At the turn of the century in Germany, Gertrud Schädla is what was known as a good Christian. Raised in a Protestant preacher's household, she was known to go to church regularly and to listen to what was said in the sermon. In the summer of 1914, when Schädla was 27 years old, church was a very popular place all around Germany. Of her small town of Verden, near Bremen, she writes: "The soldiers received the preacher's blessings, knelt down at the altar: 'Are you ready to give your lives for your brothers?'" With God's blessing, they were sent off to war.
"God," in this sense, can most certainly be understood as the "God of the Germans." For Gertrud Schädla, the throne and the altar - the Empire and the Protestant Church - were firm pillars of life. When the emperor announced that Germany wasn't responsible for the outbreak of war, this was how it was - no questions asked. Just as irrefutable as divine providence: "Our dear God has once again offered his help," she noted in her diary after Germany's quick defeat of the Imperial Russian Army in Tannenberg in August 1914. And: "England, those perfidious traitors, will be delivered to us at God's mercy, too."
As a primary school teacher, she decided against marriage and to concentrate her energy on her mother and two younger brothers. After the outbreak of war, Gottfried and Ludwig were sent to the Western Front. Gertrud wrote of a "necessary readiness to die," as they marched off. Gottfried, for one, viewed his military service with a sense of dejection. His mother and sister offered their encouragement, pleading with him to overcome his fears and offer his young life to the Fatherland - with a sense of "joy" if need be.
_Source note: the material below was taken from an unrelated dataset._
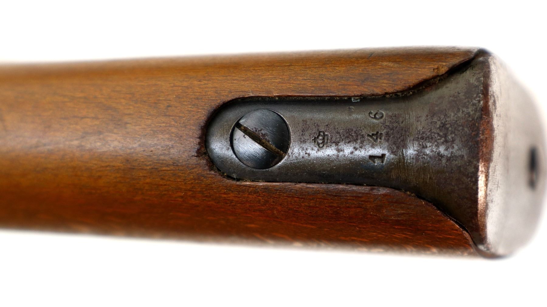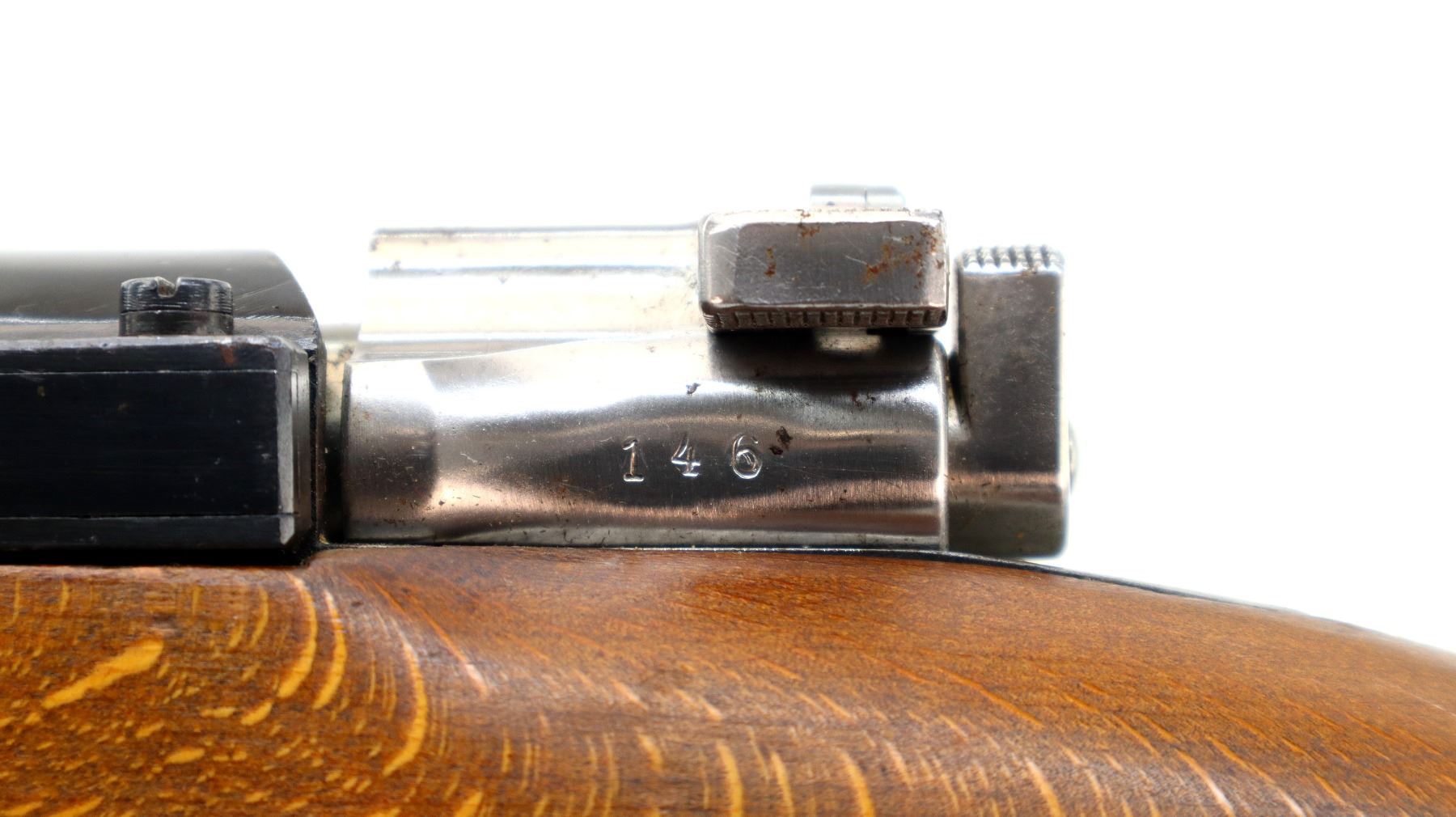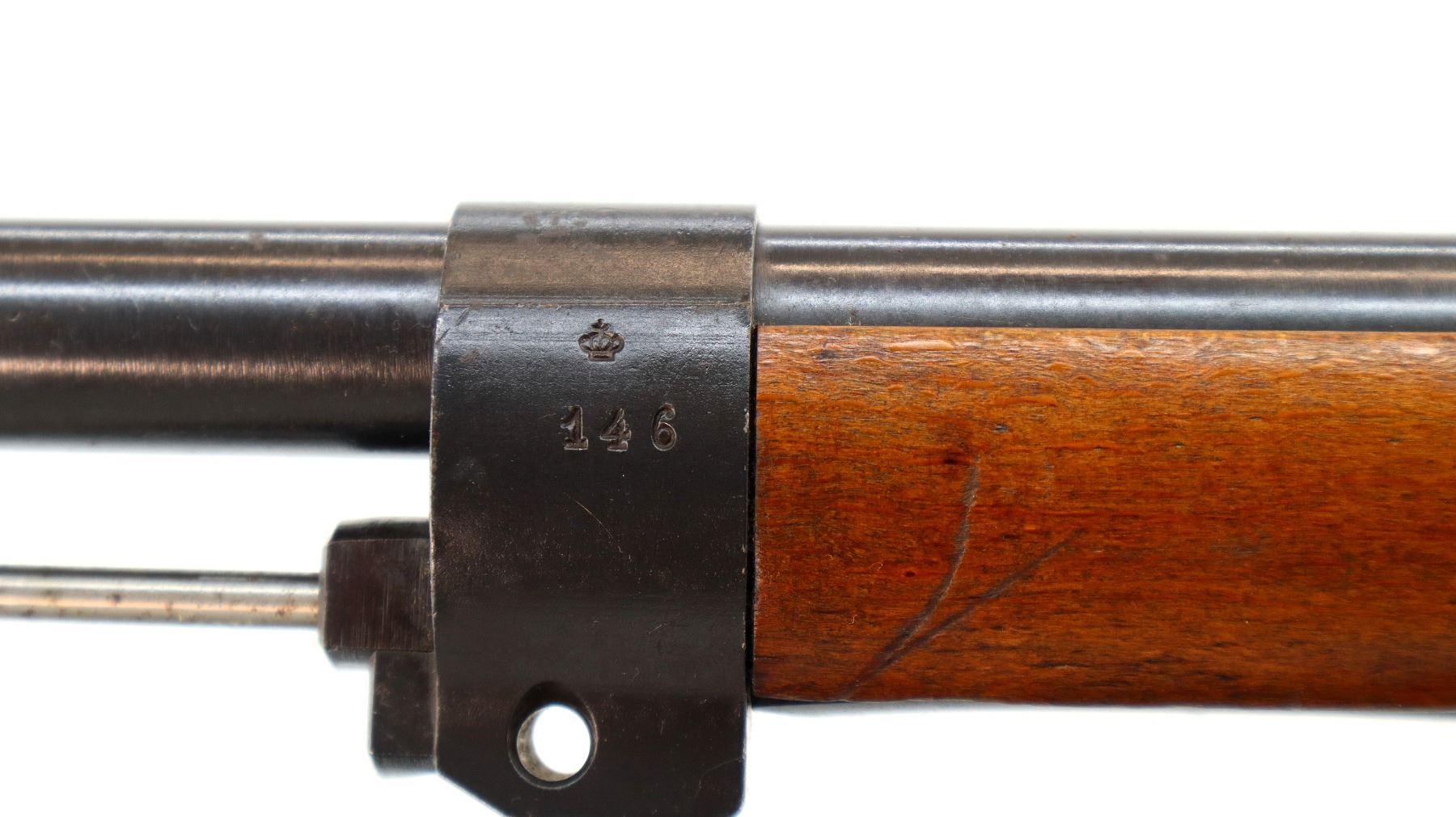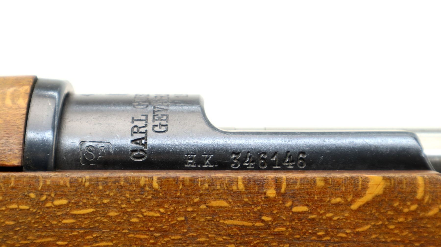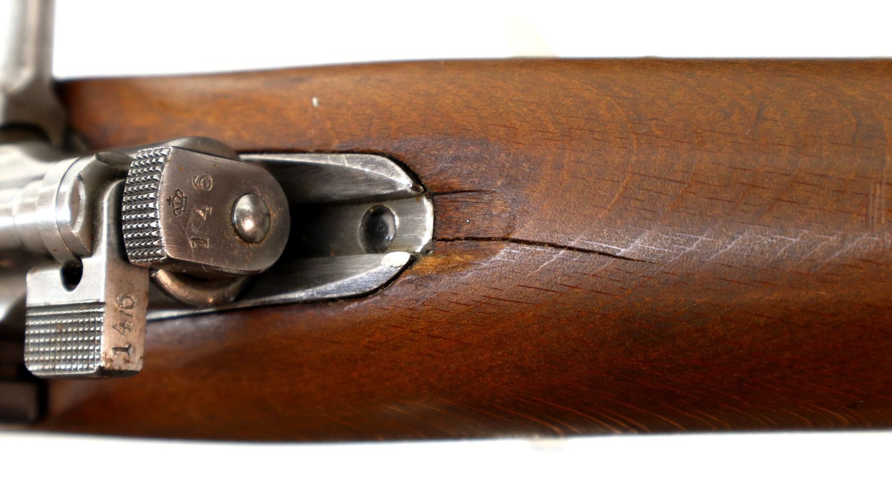 Main Description: Manufactured by Carl Gustafs 1915, visible serial numbers match. Blade front sight with ramp, adjustable u notched rear sight, blued finish, receiver has SA stamped in a box indicating Finnish Military ownership, silver bolt with straight handle. Two piece full military wood stocks, finger grooved forearm, stock chipped and cracked in front of trigger guard, straight grip cracked behind receiver, smooth steel butt plate, brass stock disk, sling swivels, cleaning rod and bayonet lug.

It was the fallen soldiers on the front who ultimately paid the price for such jubilation at home. Ludwig and Gottfried Schädla are just two of them. They both died by October 1914, on the battle fields of France, and were either not buried at all or only provisionally. A short notice was sent to the family, followed by the belongings of the two soldiers. "Death, you are bitter! How shall we console ourselves?" This was Gertrud Schädla's question to her God. Such horror at death came too late for the fallen soldiers. And, at that point, death on the front would continue for four more long years.